CS 395T Largescale Data Mining
Homework 4
Clustering
The main goal of this homework is to experiment with
some clustering techniques.

Read this
paper to understand the spherical kmeans algorithm.

Download the spkmeans
code and compile it.

Run spkmeans on the classic3 matrix you generated with MC
(l=0.2, u=15, t=tfn). Use k=3.

Download this Java cluster
browser program that generates a sequence of web pages illustrating
your clustering results. (see a sample
browser )

Download Metis
and install it.

Here is
a C program that transforms the CCS matrix to the input for Metis.

Run Metis on the same matrix used for spkmeans (note that
this corresponds to a bipartite graph between words and documents).

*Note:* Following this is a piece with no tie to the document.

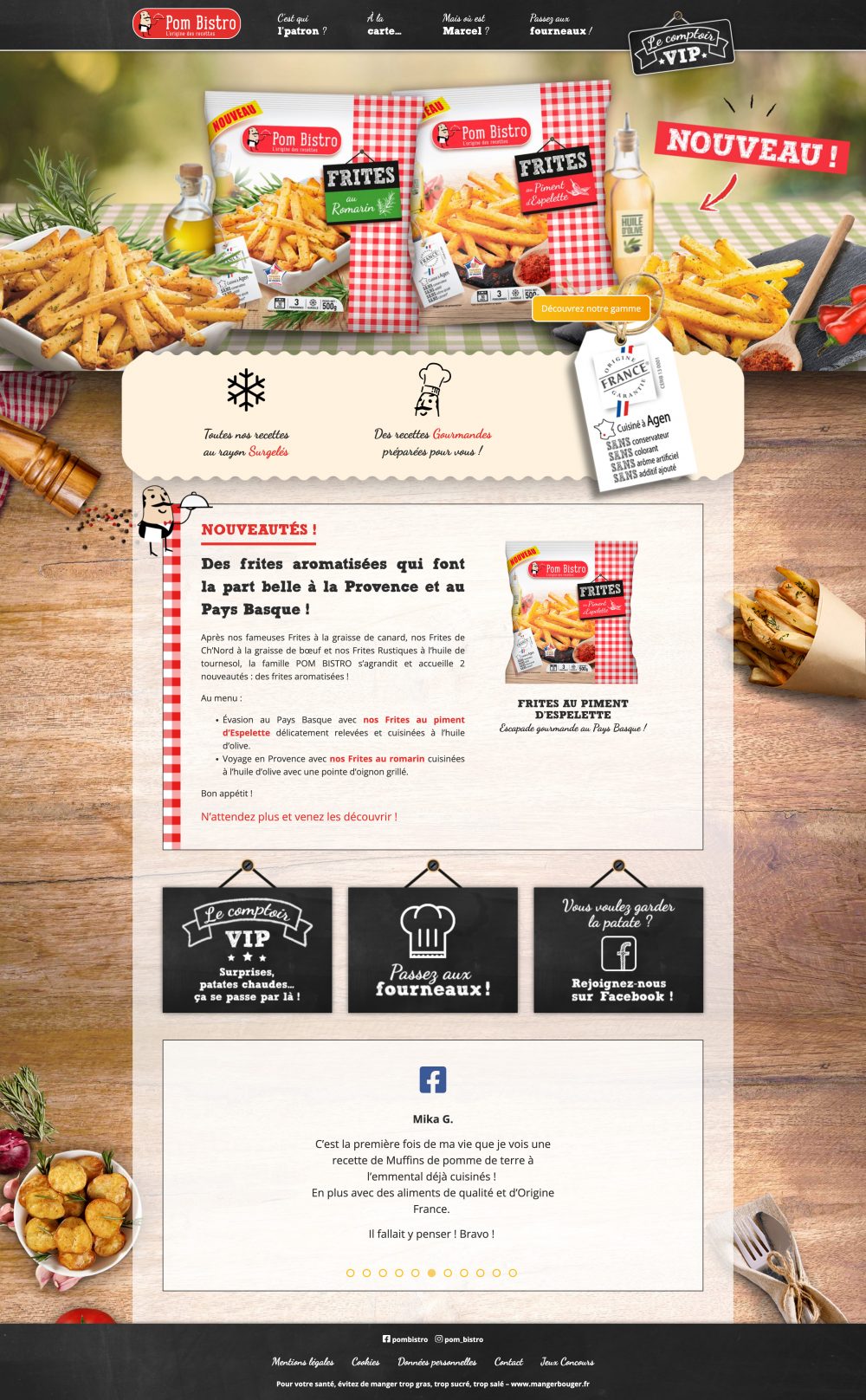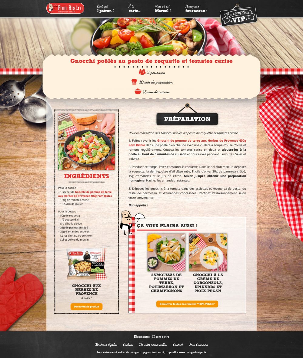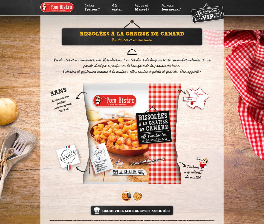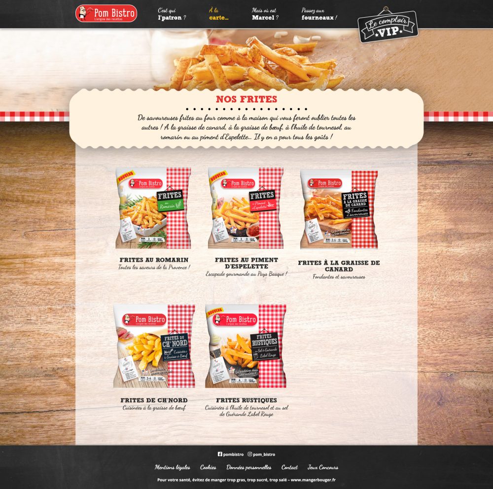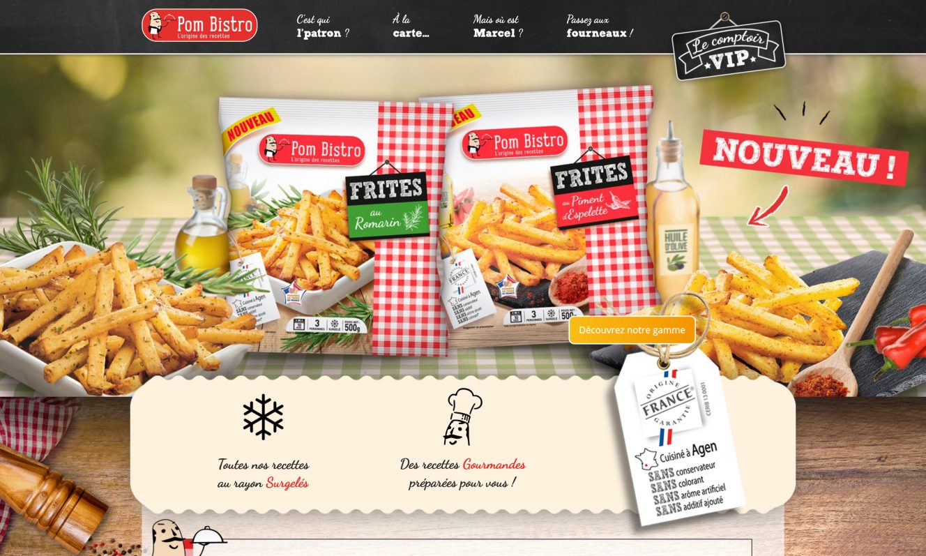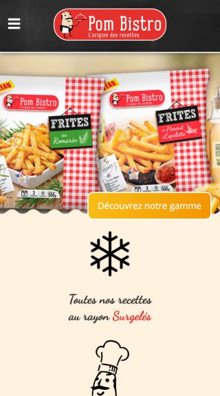 Pom Bistro est une marque de produits surgelés à base de pomme de terre, présente en supermarchés. En 2017, j’ai collaboré avec l’agence Nutrikéo sur le développement de leur site web. Les fiches produits, les magasins et les recettes sont présentés dans un design sur mesure à l’esprit bistro et gourmand.

Run Metis on the graph of documents, where an edge between two documents
has weight equal to their cosine similarity.

Write a hierarchical agglomerative clustering program in C/C++/Java and
then run it on the same matrix.

Download the spmeans
code and compile it. Read its documentation.

Run spmeans
on the classic3 matrix.

Choose 100 documents from each category (cisi, med, cran) of classic3,
and
generate a matrix with MC for these 300 documents.

Run the 5 clustering techniques on the matrix of 300 documents.

Run the 5 clustering techniques on cmu.news 20_cleaned.

Try clustering your email or any other text collection.
Answer the following questions:
1. Report your clustering results using the 5 techniques
on classic3, the 300 document set and cmu.news 20_cleaned.
For each clustering, submit the confusion matrix and objective function
value (if available).
2. What is the number of clusters output by spmeans
for each of the data sets? Is it 3 for the classic3 data?
3. How did the clustering programs perform on your
email (or other text collection)?
4. Are your clustering results good? If not, explain
why.
5. In your opinion which of the clustering techniques
is the best? Why?
Due date: Oct. 30, 2001